Qubits
The fundamental building block of quantum computing — the quantum bit.
What is a Qubit?
In classical computing, a bit can be either 0 or 1. A qubit (quantum bit) is the quantum equivalent — but with superpowers!
A qubit can be in state |0⟩, state |1⟩, or a superposition of both simultaneously.

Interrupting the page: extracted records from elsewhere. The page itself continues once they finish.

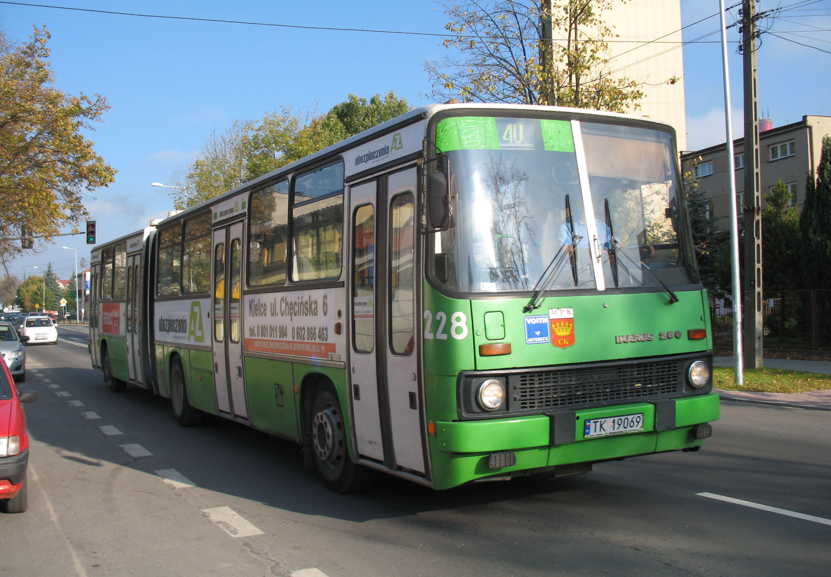 Ikarus 280.70E bus (#228) in Kielce, Poland. Built 1997, MPK Kielce operator.
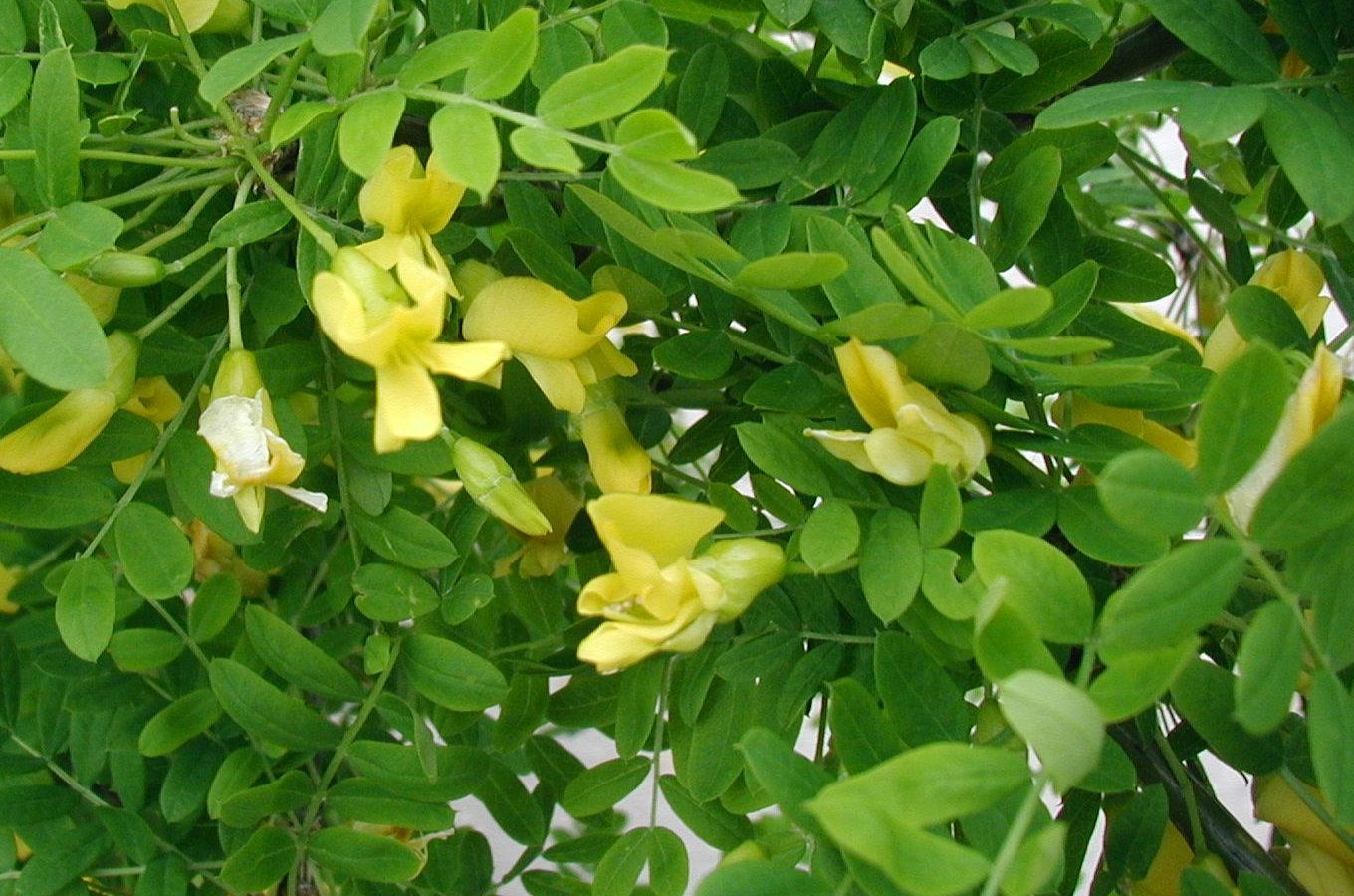 Caragana arborescens: Flowers and foliage.
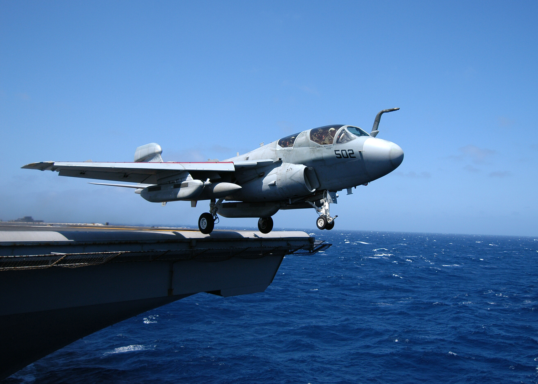 An EA-6B Prowler, assigned to the "Rooks" of Electronic Attack Squadron One Three Seven (VAQ-137), launches from the flight deck aboard USS Enterprise (CVN 65) as part of Summer Pulse 2004, the simultaneous deployment of seven carrier strike groups (CSGs). Summer Pulse demonstrates the ability of the Navy to provide credible combat across the globe, in five theaters with other U.S., allied, and coalition military forces. Summer Pulse is the Navy's first deployment under its new Fleet Response Plan (FRP).
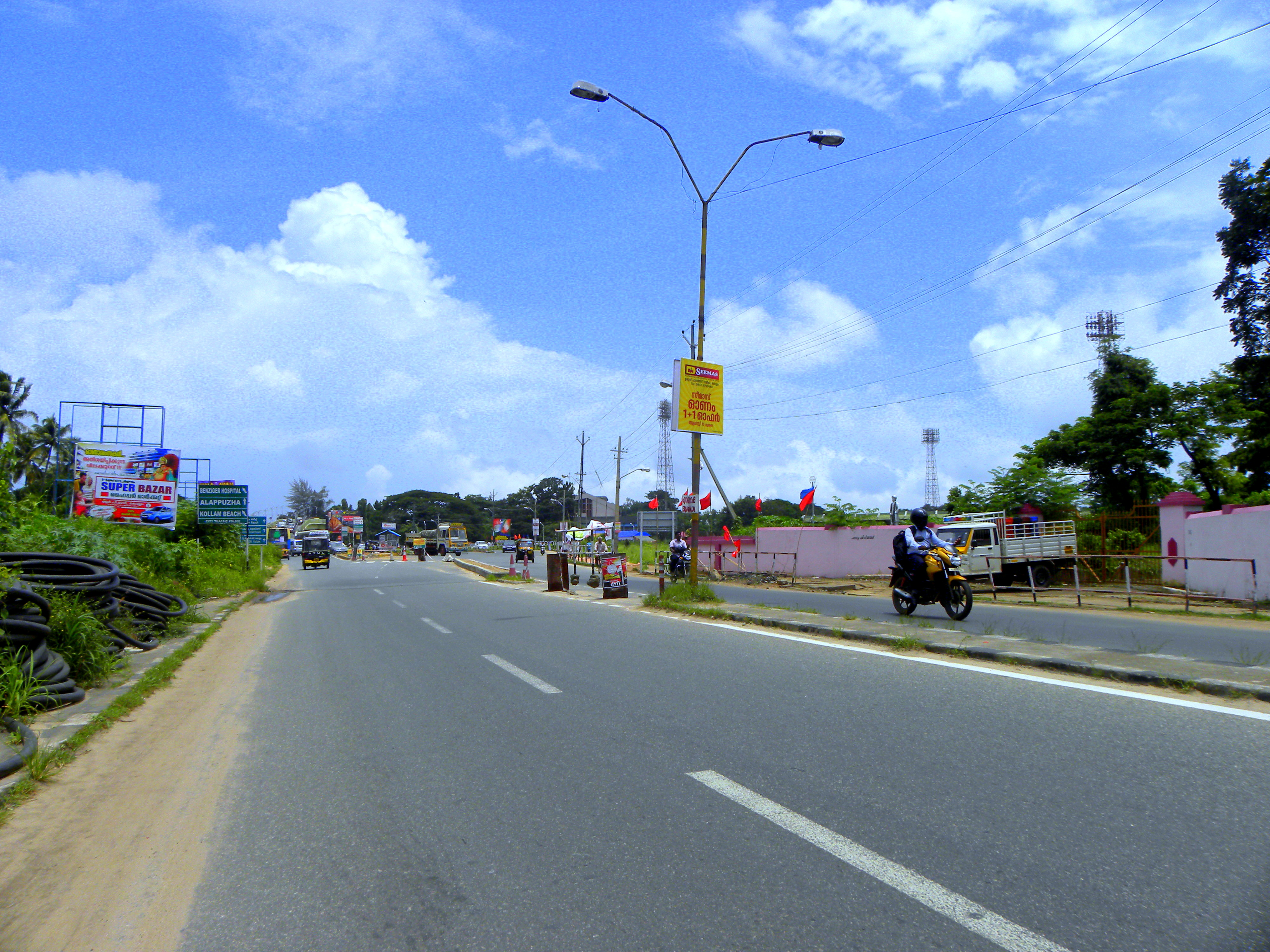 SP Office Flyover Junction, Kollam
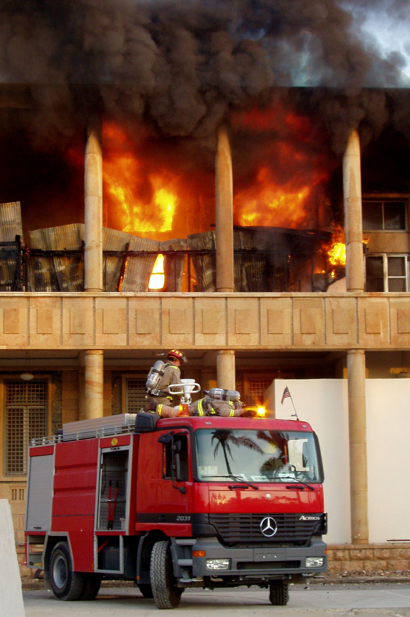 A fire engine of KBR's Green Zone fire department, Baghdad, Iraq, with firefighters (wearing SCBA) respond to a fire at the US embassy. A Mercedes Benz Actros 2031 vehicle. Original description: Flames engulf the second floor of the U.S. embassy in Baghdad, Iraq, Aug. 23, 2004. An electrical malfunction caused the fire, which firefighters contained and successfully extinguished. DoD photo by unknown. (Released)
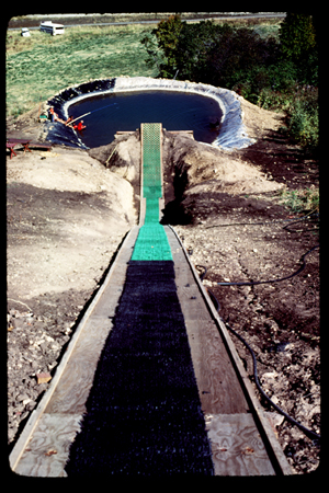 smaller picture of ramp.
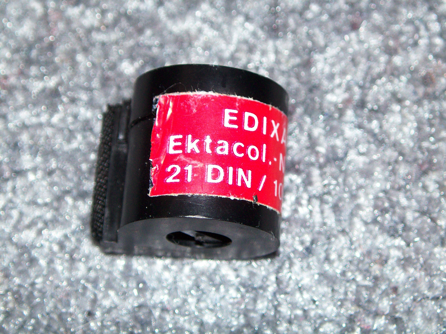 Edixa 16 Ektacolor film in RADA cassette
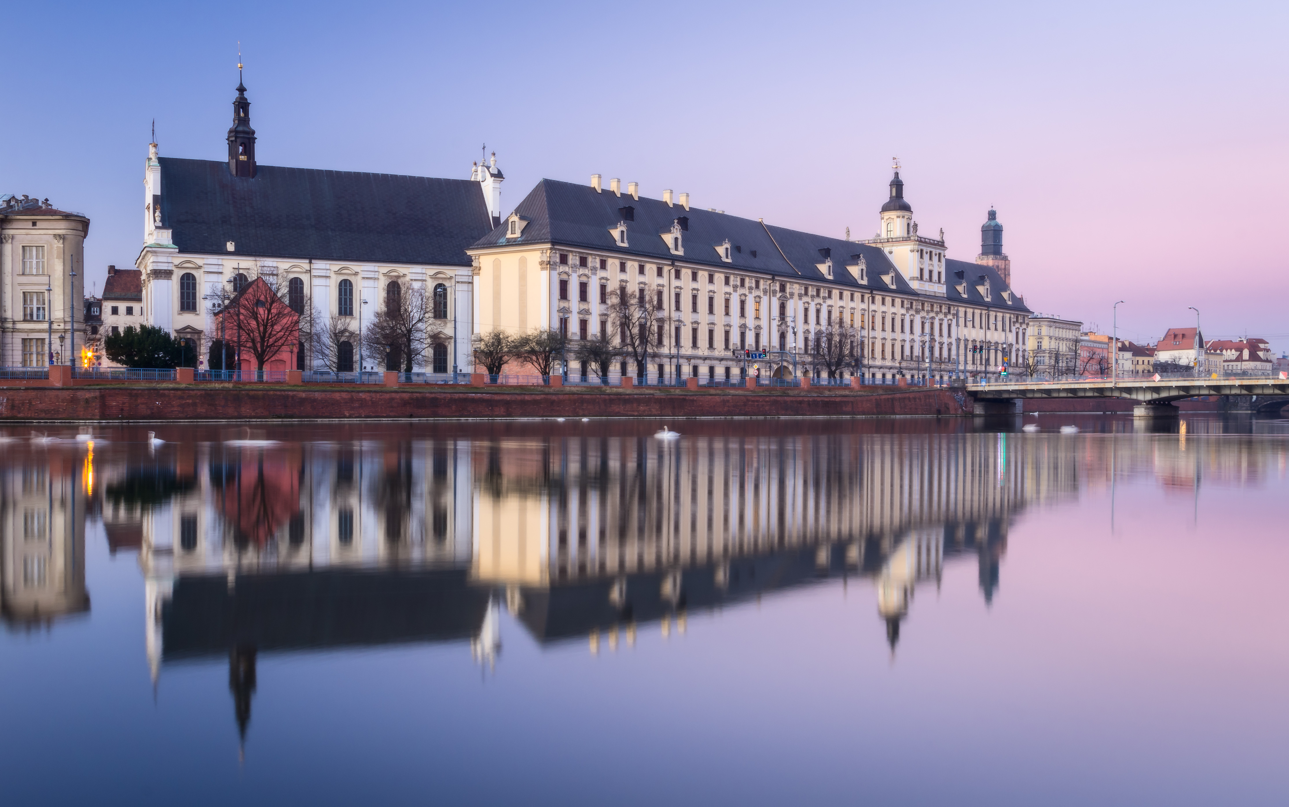 Wrocław, University of Wrocław, and the University Church on the left side
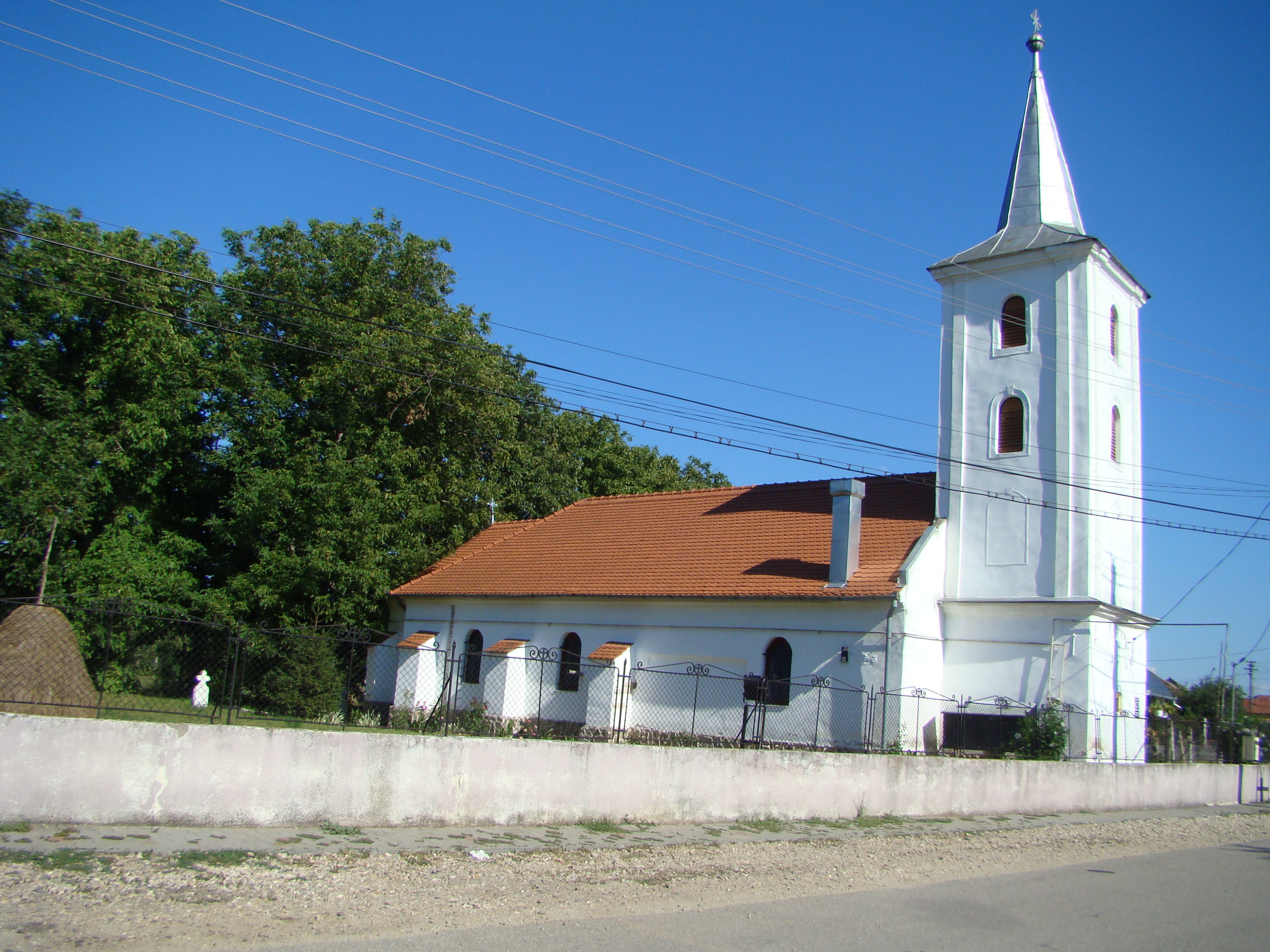 Church of the Dormition in Vințu de Jos; Alba county, Romania
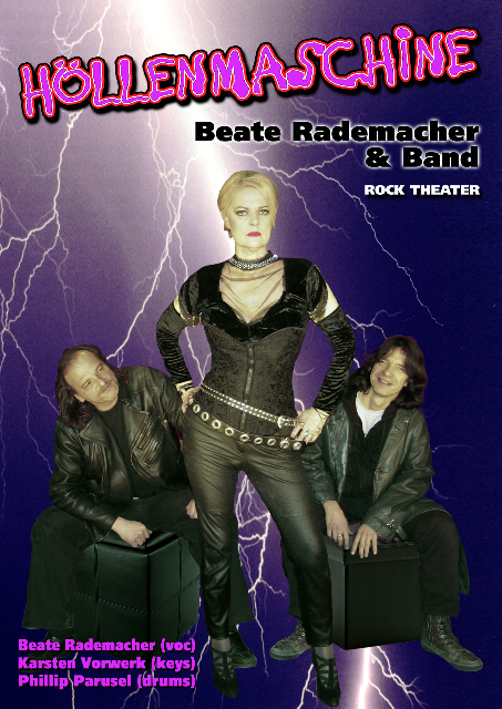 Höllenmaschine
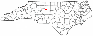 Category:North Carolina Dot Maps
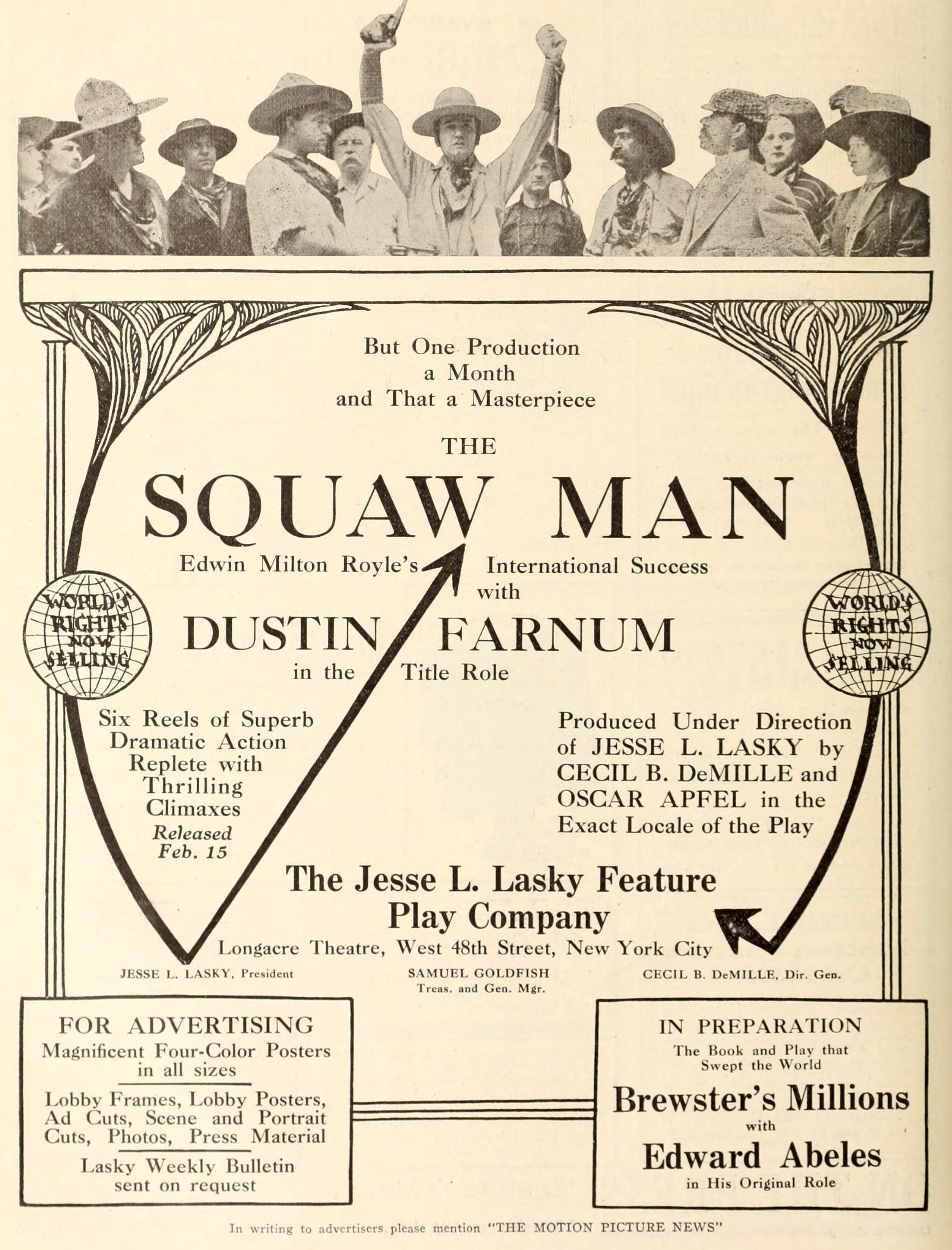 Advertisement for The Squaw Man (1914) in Motion Picture News.
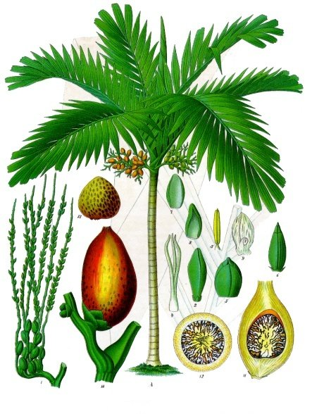 Areca catechu - the Areca palm. In botanical drawing from Köhler's Medizinal-Pflanzen - by Franz Eugen Köhler, in 1897.
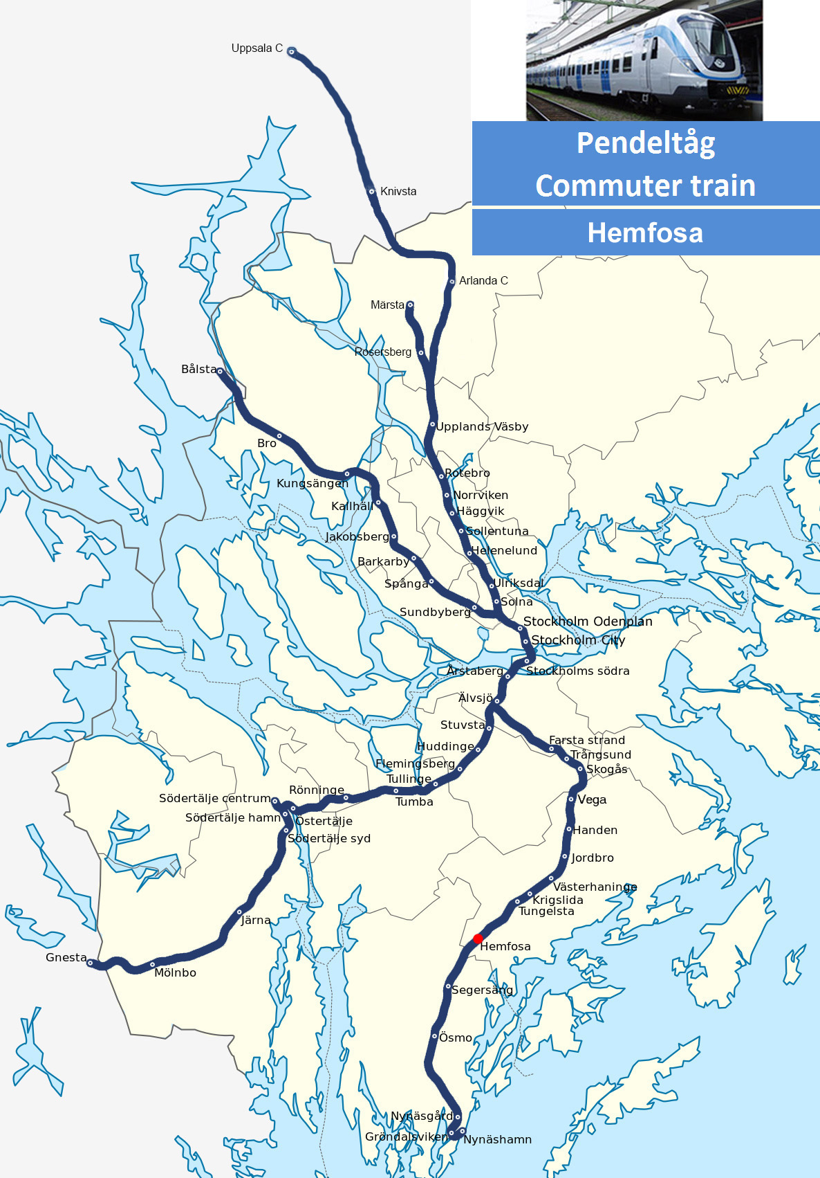 Hemfosa station map
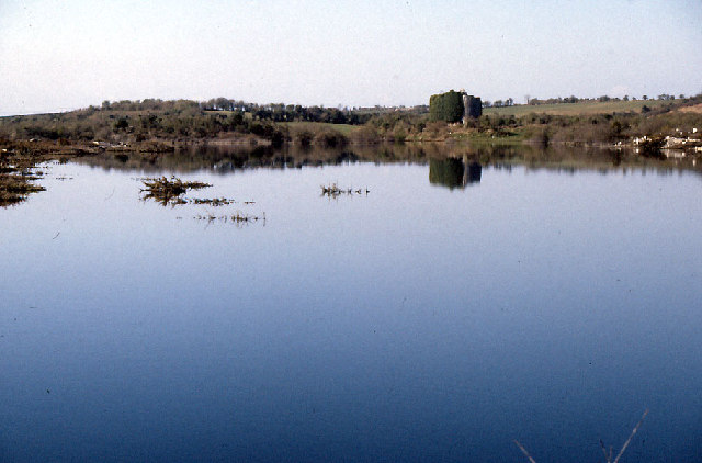 Newtown Castle, west of Gort
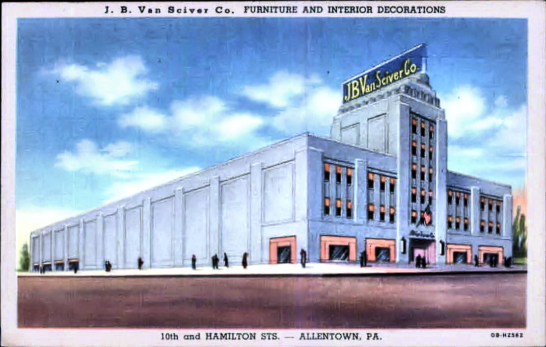 Postcard of J B Van Sciver furniture store.

This is written mathematically as:
|ψ⟩ = α|0⟩ + β|1⟩
where α and β are complex numbers called amplitudes, and |α|² + |β|² = 1.
Physical Representations
Qubits can be physically realized using:
• Photon polarization — horizontal vs. vertical
• Electron spin — up vs. down
• Superconducting circuits — used by Google and IBM
• Trapped ions — individual atoms held by electric fields
Each approach has trade-offs in terms of coherence time, error rates, and scalability.
The Bloch Sphere
The state of a single qubit can be visualized on the Bloch sphere — a unit sphere where:
• |0⟩ is at the north pole
• |1⟩ is at the south pole
• Points on the equator represent equal superpositions with different phases
Any single-qubit state maps to a point on this sphere, described by angles θ (theta) and φ (phi):
|ψ⟩ = cos(θ/2)|0⟩ + e^(iφ) sin(θ/2)|1⟩
Measurement
When we measure a qubit in the computational basis:
• We get |0⟩ with probability |α|²
• We get |1⟩ with probability |β|²
Key insight: Measurement is irreversible — it collapses the superposition! After measurement, the qubit is definitively in the measured state.
This is fundamentally different from classical computing, where reading a bit doesn't change its value.